In [18]:
# imports
# !pip install langchain-chroma

In [15]:

import os
import glob
from dotenv import load_dotenv
import gradio as gr
from langchain_chroma import Chroma
from openai import OpenAI
import pandas as pd
from langchain_community.document_loaders.csv_loader import CSVLoader
from langchain_openai import OpenAIEmbeddings, ChatOpenAI
import numpy as np
# import plotly.graph_objects as go
from langchain.memory import ConversationBufferMemory
from langchain.chains import ConversationalRetrievalChain

In [16]:
# Load environment variables in a file called .env
# price is a factor for our company, so we're going to use a low cost model

MODEL = "gpt-4o-mini"
load_dotenv()
os.environ['OPENAI_API_KEY'] = os.getenv('OPENAI_API_KEY', 'your-key-if-not-using-env')
openai = OpenAI()
db_name = "vector_db_new2"

In [17]:
loader = CSVLoader(file_path='vm_data.csv')
docs = loader.load_and_split()

In [18]:


# Put the chunks of data into a Vector Store that associates a Vector Embedding with each chunk
# Chroma is a popular open source Vector Database based on SQLLite

embeddings = OpenAIEmbeddings()

# If you would rather use the free Vector Embeddings from HuggingFace sentence-transformers
# Then replace embeddings = OpenAIEmbeddings()
# with:
# from langchain.embeddings import HuggingFaceEmbeddings
# embeddings = HuggingFaceEmbeddings(model_name="sentence-transformers/all-MiniLM-L6-v2")

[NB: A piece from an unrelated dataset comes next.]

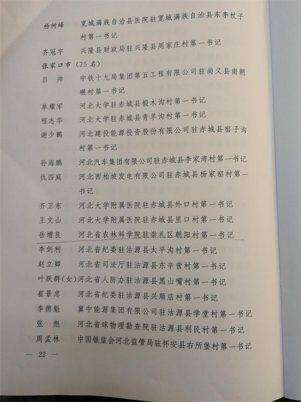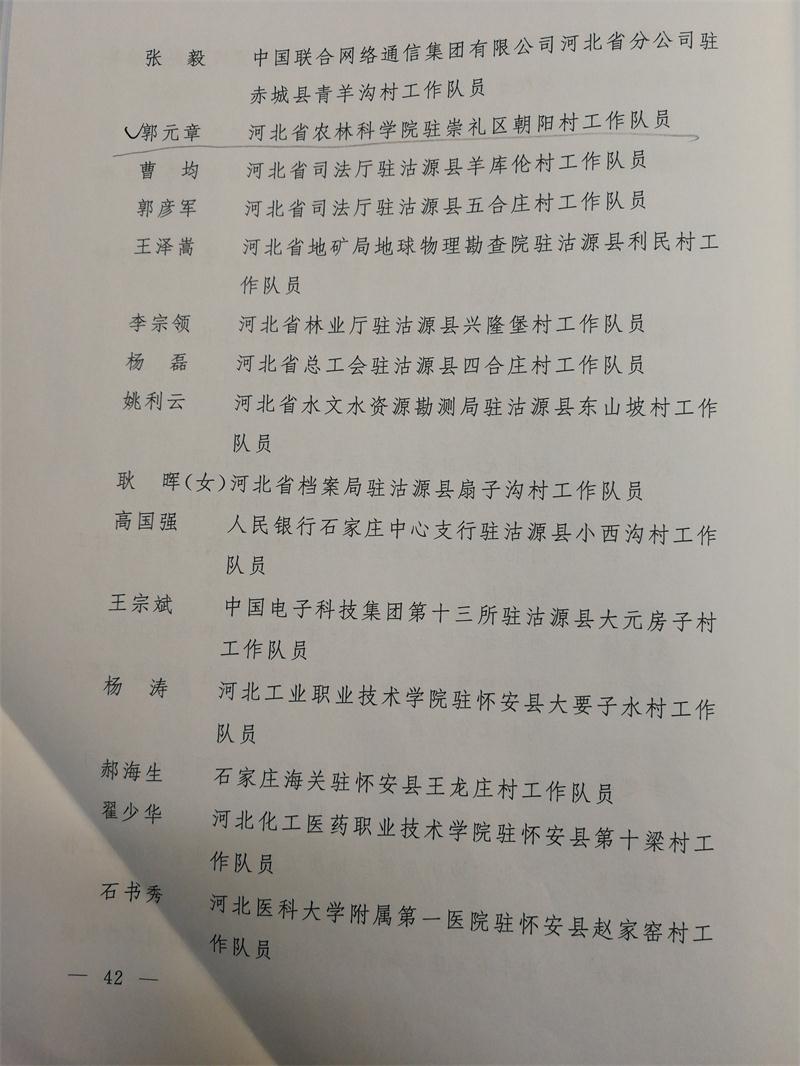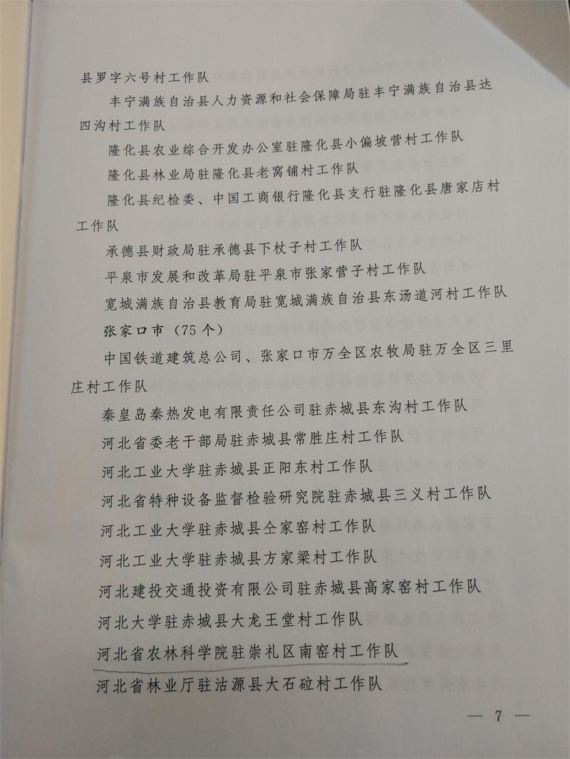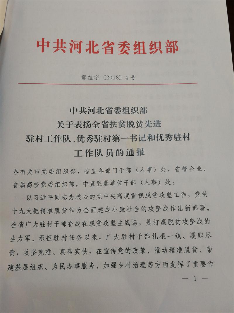 近日,河北省委组织部通报表彰了一批全省扶贫脱贫先进驻村工作队、优秀驻村第一书记和优秀驻村工作队员。我院驻崇礼区南窑村工作队被评为“先进驻村工作队”,岳增良同志被评为“优秀驻村第一书记”,郭元章同志被评为“优秀驻村工作队员”。

# Delete if already exists

if os.path.exists(db_name):
    Chroma(persist_directory=db_name, embedding_function=embeddings).delete_collection()

# Create vectorstore

vectorstore = Chroma.from_documents(documents=docs, embedding=embeddings, persist_directory=db_name)
print(f"Vectorstore created with {vectorstore._collection.count()} documents")

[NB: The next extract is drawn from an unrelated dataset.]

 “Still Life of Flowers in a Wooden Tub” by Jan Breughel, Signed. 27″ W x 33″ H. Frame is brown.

Vectorstore created with 100 documents


In [19]:
# create a new Chat with OpenAI
llm = ChatOpenAI(temperature=0.7, model_name=MODEL)

In [20]:
retriever = vectorstore.as_retriever()

In [21]:
from langchain_core.prompts import ChatPromptTemplate
from langchain.chains import create_retrieval_chain
from langchain.chains.combine_documents import create_stuff_documents_chain

In [22]:
system_prompt=(""" You are helpful assistant expert in AppBrewery's VMdata below is metadata for the VMs
    1. VM -> Name of the virtual machine.
    2. State -> Indicates whether the VM is ON or OFF.
    3. Status -> Describes the VM's condition (Normal or Special).
    4. Host -> The physical server hosting the VM.
    5. Cluster -> The group of hosts managing the VM.
    6. Provisioned_Space -> Total storage allocated to the VM.
    7. Used_Space -> Storage currently used by the VM.
    8. HostCPU -> CPU allocation on the host machine.
    9. HostMem -> Memory allocated to the VM.
    10. KN_SNC_DT -> Known since date of the VM record.
    11. Decom_date -> Planned decommissioning date of the VM.
    {context}""")
    
    
prompt = ChatPromptTemplate.from_messages([
    ("system", system_prompt),
    ("human", "{input}"),
    ])


In [23]:
question_answer_chain = create_stuff_documents_chain(llm, prompt)
rag_chain = create_retrieval_chain(retriever, question_answer_chain)

In [30]:
answer= rag_chain.invoke({"input": "What is KN_SNC_DT ?"})
answer['answer']

'KN_SNC_DT stands for "Known Since Date." It indicates the date on which the virtual machine record was first created or known in the system. This date is often used for tracking purposes and can provide insights into how long the VM has been in service or under management. The format is typically in YYYYMMDD.'

In [31]:
answer= rag_chain.invoke({"input": "What is EAPSIPVXT9753 ?"})
answer['answer']

'EAPSIPVXT9753 is the name of a cluster, which is a group of physical servers that manage and host virtual machines (VMs). Clusters are used to provide resource pooling, load balancing, and redundancy for VMs, ensuring efficient management and high availability of services. In the provided metadata, there are two VMs that belong to this cluster: test92.fixaa.net and dev75.fixaa.net.'

In [32]:
answer= rag_chain.invoke({"input": "How many VMs are there in AppBrewery ?"})
answer['answer']

'There are a total of 4 virtual machines (VMs) in AppBrewery.'

In [24]:
def chat(question, history):
    result = rag_chain.invoke({"input": question})
    return result["answer"]

In [25]:
view = gr.ChatInterface(chat, type="messages").launch(inbrowser=True)

* Running on local URL:  http://127.0.0.1:7861

To create a public link, set `share=True` in `launch()`.